Впрочем, к моменту прихода Герца монстры журналистики, вполне расслабленные, развлекались тем, что допрашивали новичка.
– …Он мне говорит: закончи университет! – рассказывал румяный Филиппок. – Я говорю: зачем? Я и так все знаю. И уже приглашен работать в солидное место. Мне, говорю, надоело учиться. Потом доучусь. Года через три или четыре. А он – нет, ты должен получить диплом. Я ему: папа, я никому ничего не должен. А он обижается…
– Но ты действительно никому ничего не должен. – Варвара блеснула глазами.
– Естественно! Но папа… Ему восемьдесят лет, он человек из прошлого. Я всю жизнь от него слышу: ты должен это, ты должен то… Я тебя растил, я тебя кормил… Я ему говорю – папа, ты не обязан был меня кормить, меня бы в любом случае прокормило государство…

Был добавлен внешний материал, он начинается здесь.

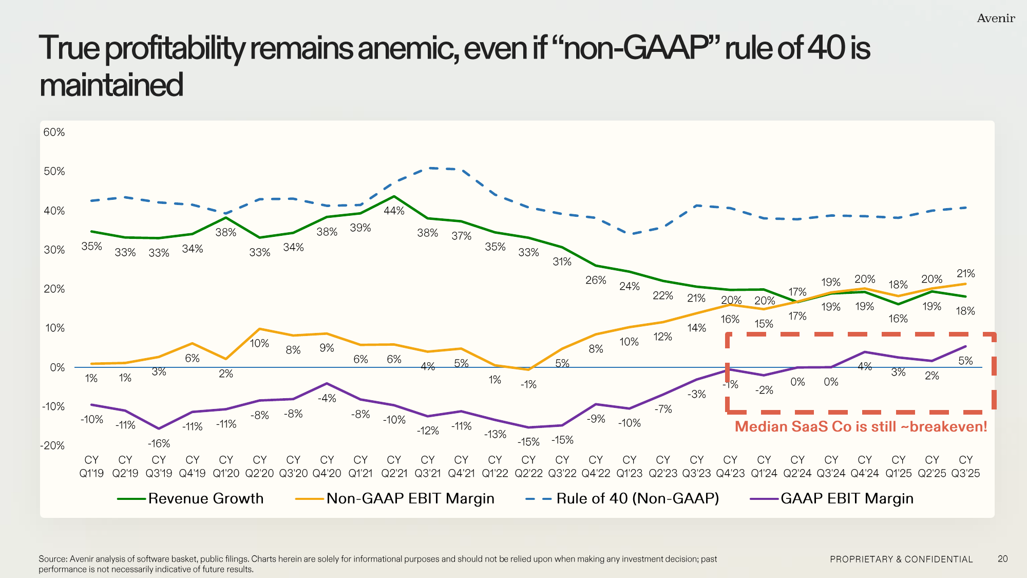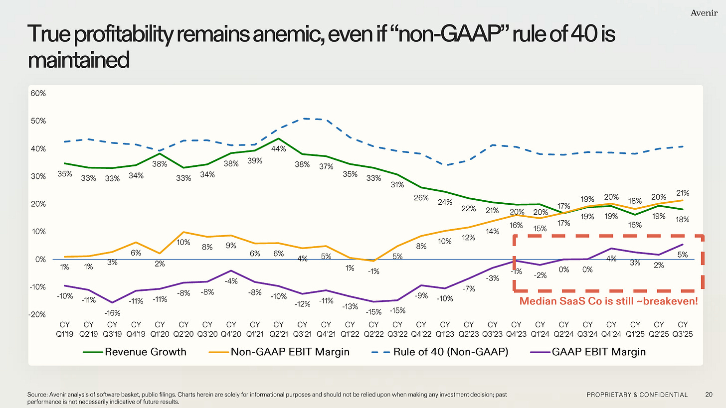 The Avenir data tells the story. The median public SaaS company maintains a non-GAAP Rule of 40 score around 40%—technically healthy. But their GAAP EBIT margins hover around 5%. The median SaaS company is essentially breakeven on a real economic basis, even after a decade of supposed “scaling.”

«Приятный парень», – подумал Савелий, а вслух произнес:
– Тяжело тебе с папой.
– Не то слово! – воскликнул мальчишка. – Однажды он посмотрел один из моих учебников. «Основы теории абсолютного процветания». Заплакал, представляете?! Пытался порвать книгу. Думал, она – бумажная.
– А на каком этаже ты живешь? – спросил кто-то с дальнего конца стола.
– Ну, я родился на шестьдесят первом. Сейчас снимаю на пятьдесят седьмом, на двоих с подругой.
Савелий и Варвара переглянулись. Вокруг раздались вежливые вздохи.
– Хороший этаж, – похвалила Варвара. – Скромно и со вкусом. А чем занимается твоя… э-э… девушка?
– Пока ничем. Дома сидит. У нее родители – «соседи», она выросла под объективами. А квартира, где мы сейчас живем, не подключена. И теперь у нее депрессия. Все время на меня рычит, ругается… Жалуется, что я ей солнце загораживаю… Говорит, без «соседей» невыносимо. Ей кажется, что она никому не нужна, всеми брошена и так далее. Я объясняю, что «соседи» – игрушка для бледных, а она обижается.
– Сходи к участковому психотерапевту.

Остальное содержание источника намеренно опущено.